Cluster Autoscaler Lab

Overview

Cluster Autoscaler Lab is a project for testing how pending pods, node groups, taints, requests, and scheduling constraints affect autoscaling decisions.

Motivation

Autoscaling is often treated as a checkbox, but the behavior depends on workload requests, node capacity, cloud provider limits, and scheduler signals. This lab makes those interactions visible.

Architecture

flowchart LR
  PendingPods[Pending Pods] --> Scheduler[Scheduler]
  Scheduler --> Autoscaler[Cluster Autoscaler]
  Autoscaler --> Cloud[AWS Auto Scaling Group]
  Cloud --> Nodes[Worker Nodes]

Design decisions

Use Terraform to keep the AWS environment reproducible.
Keep workload fixtures small and easy to change.
Capture scheduler and autoscaler logs for each scenario.
Test both scale-up and scale-down behavior.

Challenges

Autoscaling bugs are frequently configuration bugs.
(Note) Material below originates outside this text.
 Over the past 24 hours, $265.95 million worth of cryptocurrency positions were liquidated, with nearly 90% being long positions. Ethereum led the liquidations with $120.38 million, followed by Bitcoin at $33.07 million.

Resource requests, topology constraints, taints, and max node group size can all produce similar symptoms.

Lessons learned

The fastest way to debug autoscaling is to compare what the scheduler cannot place with what the autoscaler is allowed to create.

Screenshots

Cluster autoscaler placeholder

Future improvements

Add scenario-based runbooks.
Compare managed node groups and self-managed groups.
Add Grafana dashboard examples.
Publish Terraform modules for the lab.